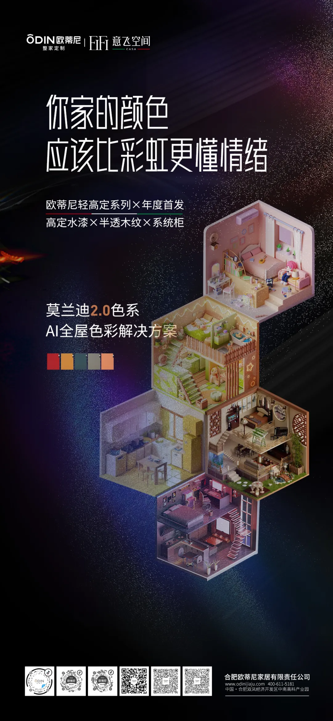為了讓色彩搭配更加輕松,歐蒂尼還推出了AI全屋色彩解決方案。只需上傳戶型圖,AI算法便能迅速生成專屬配色方案,讓墻面、柜體、軟裝色彩無(wú)縫銜接,打造出既和諧又個(gè)性化的家居空間。在歐蒂尼的色彩哲學(xué)里,家不僅是一個(gè)居住的空間,更是一幅流動(dòng)的藝術(shù)畫(huà)卷。
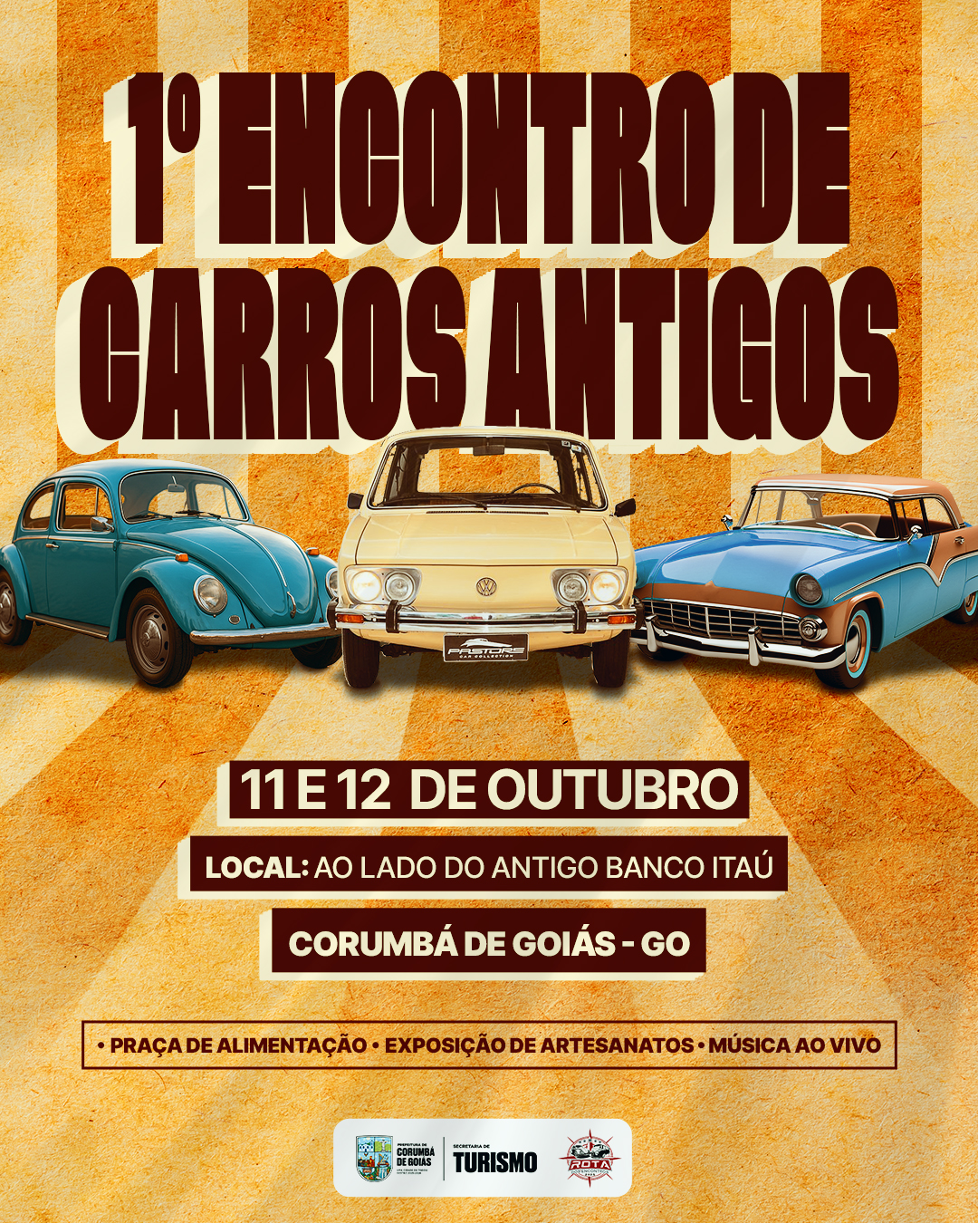 Promovido pela Secretaria de Turismo, em parceria com o Ratos do Norte Club, o Encontro de Carros Antigos em Corumbá de Goiás já tem data marcada!
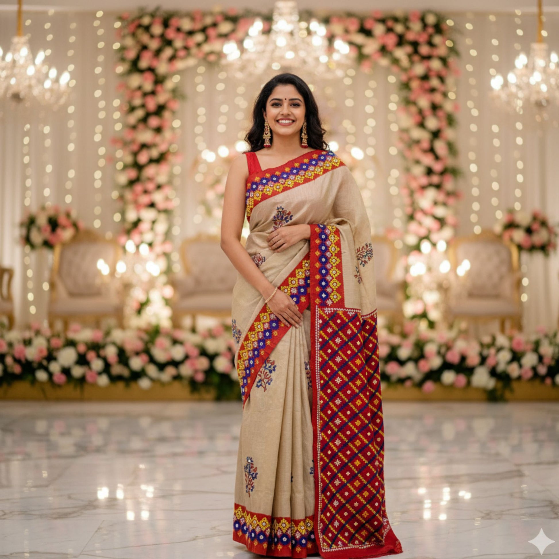 Tussar Silk Saree – Hand Embroidered Gujrati Stitch
━━━━━━━━
[WHAT THIS TASK INVOLVES]:
Transcribe the full listing above exactly, with the images removed.

[ANSWER BELOW]:
為了讓色彩搭配更加輕松,歐蒂尼還推出了AI全屋色彩解決方案。只需上傳戶型圖,AI算法便能迅速生成專屬配色方案,讓墻面、柜體、軟裝色彩無(wú)縫銜接,打造出既和諧又個(gè)性化的家居空間。在歐蒂尼的色彩哲學(xué)里,家不僅是一個(gè)居住的空間,更是一幅流動(dòng)的藝術(shù)畫(huà)卷。
 Promovido pela Secretaria de Turismo, em parceria com o Ratos do Norte Club, o Encontro de Carros Antigos em Corumbá de Goiás já tem data marcada!
 Tussar Silk Saree – Hand Embroidered Gujrati Stitch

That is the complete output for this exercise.